Ce nouveau film plein d’émotions du réalisateur engagé et humaniste ken Loach, récompensé de la palme d’or au festival de Cannes, nous plonge au cœur d’une bataille que mènent Daniel Blake, menuisier anglais de 59 ans, qui a dû cesser toute activité suite à un problème au cœur, mais qui est pourtant contraint de devoir chercher un travail pour toucher le chômage, ainsi que Sandra, mère célibataire de deux enfants, obligée de vivre dans un logement sans chauffage ni électricité dans une ville qu’elle ne connaît pas. Dans ce combat qu’ils devront mener, ils tenteront de s’entraider pour sortir de cette situation de précarité comme on résiste contre un vent contraire. Ils devront faire face à nombre d’obstacles et aux aberrations administrative de l’aide sociale. Pour s’inscrire au pôle emploi, Daniel doit en effet créer son dossier sur le site internet, mais voilà, Daniel est charpentier et ne s’est jamais servi d’une souris d’ordinateur, les problèmes commencent, et ne s’arrangent pas avec des fils d’attente à n’en plus finir et des agents indisposés à écouter et à comprendre au delà des procédures légales. On a envie de crier à l’injustice aux côtés de Daniel, et on est pris d’un sentiment d’impuissance avec notre personnage principal incarné à merveille avec sobriété par Dave Johns.

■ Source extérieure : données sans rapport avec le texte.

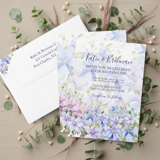 Nossa Elegante Periwinkle Clematis Casando Salve a data Foto é uma maneira maravilhosa de comemorar e compartilhar seu evento alegre. Belo rabisco Clematis floresce derramar sobre fundo de fosco floral. É perfeito para primavera ou verão. Qualquer casamento do tema do jardim seria perfeito
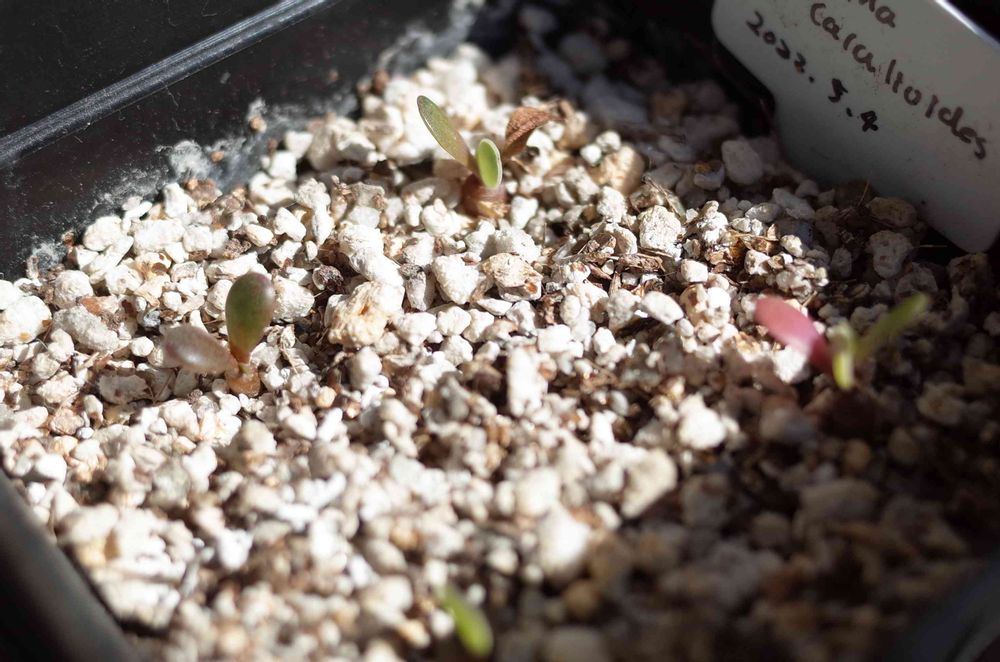 5月に植えて、窓辺で腰水管理をしていたカカリオイデス。窓辺の温度が高くなるせいか、ほぼ休眠状態。少し起き始めたかな~

Ce film trace donc le récit de personnes qui luttent pour sauvegarder leur dignité, malgré les conséquences qu’impliquent parfois la précarité, comme le fait de devoir se rendre à la banque alimentaire ou plus grave encore de devoir recourir à la prostitution. Ces thèmes sont traités avec beaucoup de réalisme et de justesse, et éveillent en nous des valeurs d’entraide, de justice, et nous font ouvrir les yeux face aux réels problèmes que posent le chômage, certaines contradictions du système social, et la difficulté pour certains à trouver des repères dans un monde toujours plus marqué par le numérique et internet.